On constate alors que toutes nos spontanéités, loin de disparaître, se modifient, s’enrichissent et s’en retrouvent renforcées. L’application à long terme de ces principes permet d’intégrer certaines notions jusqu’au plus profond de nous même et de ne jamais plus attendre d’une œuvre de Chostakovitch qu’elle nous parle de la même manière qu’une autre de Mozart (par exemple). Cela évite des jugements de valeur erronés et sans objet, cela évite aussi les a priori, enfin cela nous permet de trouver (et elle existe plus souvent qu’on ne le croit) l’intersection émotionnelle entre l’œuvre d’un artiste, éloigné historiquement et géographiquement, et nous-même.

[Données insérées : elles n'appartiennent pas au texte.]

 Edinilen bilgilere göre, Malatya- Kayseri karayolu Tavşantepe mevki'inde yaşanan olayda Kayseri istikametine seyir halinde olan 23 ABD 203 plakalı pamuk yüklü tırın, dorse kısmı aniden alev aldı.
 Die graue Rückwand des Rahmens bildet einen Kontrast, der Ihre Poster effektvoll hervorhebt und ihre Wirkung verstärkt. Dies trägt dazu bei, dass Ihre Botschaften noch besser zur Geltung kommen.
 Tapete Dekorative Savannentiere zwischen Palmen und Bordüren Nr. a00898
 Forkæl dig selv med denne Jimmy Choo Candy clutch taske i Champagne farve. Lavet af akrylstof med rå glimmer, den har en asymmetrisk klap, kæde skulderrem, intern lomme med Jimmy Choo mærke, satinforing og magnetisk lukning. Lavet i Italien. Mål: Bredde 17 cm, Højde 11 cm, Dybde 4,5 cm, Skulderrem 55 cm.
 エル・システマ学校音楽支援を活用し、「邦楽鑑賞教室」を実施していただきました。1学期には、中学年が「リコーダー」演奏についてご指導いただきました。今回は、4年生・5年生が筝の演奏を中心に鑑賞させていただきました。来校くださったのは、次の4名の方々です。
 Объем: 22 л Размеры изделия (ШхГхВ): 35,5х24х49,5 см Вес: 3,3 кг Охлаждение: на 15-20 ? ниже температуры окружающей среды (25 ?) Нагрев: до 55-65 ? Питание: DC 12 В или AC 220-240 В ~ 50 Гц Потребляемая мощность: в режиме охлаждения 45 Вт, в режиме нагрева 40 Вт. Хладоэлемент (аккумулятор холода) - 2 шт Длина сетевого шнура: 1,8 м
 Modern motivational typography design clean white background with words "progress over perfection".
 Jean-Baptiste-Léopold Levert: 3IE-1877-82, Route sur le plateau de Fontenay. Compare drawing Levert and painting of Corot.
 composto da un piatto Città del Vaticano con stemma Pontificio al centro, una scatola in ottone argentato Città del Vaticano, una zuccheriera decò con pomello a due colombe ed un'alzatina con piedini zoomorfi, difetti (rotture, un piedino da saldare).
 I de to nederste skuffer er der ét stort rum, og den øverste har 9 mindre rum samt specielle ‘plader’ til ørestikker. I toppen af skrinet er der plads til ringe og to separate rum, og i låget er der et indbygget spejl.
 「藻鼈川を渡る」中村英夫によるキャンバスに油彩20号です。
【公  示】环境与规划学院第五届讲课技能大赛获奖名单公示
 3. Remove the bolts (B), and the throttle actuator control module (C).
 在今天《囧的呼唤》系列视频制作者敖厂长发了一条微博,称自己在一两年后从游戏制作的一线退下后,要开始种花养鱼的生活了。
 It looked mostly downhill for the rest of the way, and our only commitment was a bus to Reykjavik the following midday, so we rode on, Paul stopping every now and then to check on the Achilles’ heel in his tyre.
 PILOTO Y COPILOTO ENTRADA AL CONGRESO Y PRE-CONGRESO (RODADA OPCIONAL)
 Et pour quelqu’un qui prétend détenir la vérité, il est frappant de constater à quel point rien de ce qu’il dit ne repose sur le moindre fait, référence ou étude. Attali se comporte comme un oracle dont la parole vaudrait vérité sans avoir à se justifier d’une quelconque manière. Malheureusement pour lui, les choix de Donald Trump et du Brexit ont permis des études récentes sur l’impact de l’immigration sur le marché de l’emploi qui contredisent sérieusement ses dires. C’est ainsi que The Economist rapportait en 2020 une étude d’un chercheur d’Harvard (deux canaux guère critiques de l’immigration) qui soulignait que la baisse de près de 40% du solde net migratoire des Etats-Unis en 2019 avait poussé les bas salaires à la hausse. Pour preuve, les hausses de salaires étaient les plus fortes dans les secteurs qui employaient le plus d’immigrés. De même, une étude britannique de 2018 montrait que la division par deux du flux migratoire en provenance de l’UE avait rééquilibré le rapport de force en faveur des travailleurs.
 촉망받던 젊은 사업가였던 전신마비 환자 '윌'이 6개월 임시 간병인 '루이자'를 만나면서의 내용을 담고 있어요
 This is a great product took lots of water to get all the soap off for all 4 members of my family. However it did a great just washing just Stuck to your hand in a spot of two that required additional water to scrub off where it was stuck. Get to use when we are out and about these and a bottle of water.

Ce processus de l’écoute active est tout sauf élitiste, car il permet de rendre à chaque homme une part de son patrimoine, une part de ce qui constitue sa culture. L’intersection émotionnelle qui en résulte est ce qui nous relie à l’homme du passé, ce qui fait que Monteverdi, Bach, Mozart, Beethoven, Schumann, Brahms, Mahler et tant d’autres compositeurs nous parlent tout autant aujourd’hui que demain. Aller vers la musique dans une démarche active, c’est accepter de nous regarder nous-mêmes, de nous connaître mieux. Ouverture, tolérance, remise en cause de ce que nous croyons acquis et modestie face au propos, voilà notre chemin.

Mon utopie serait que, loin de toute superficialité et paresse de l’esprit, chaque interprète parle vrai dans sa musique et que chaque auditeur ressente au plus profond de lui-même la vérité du compositeur à travers celle de l’interprète.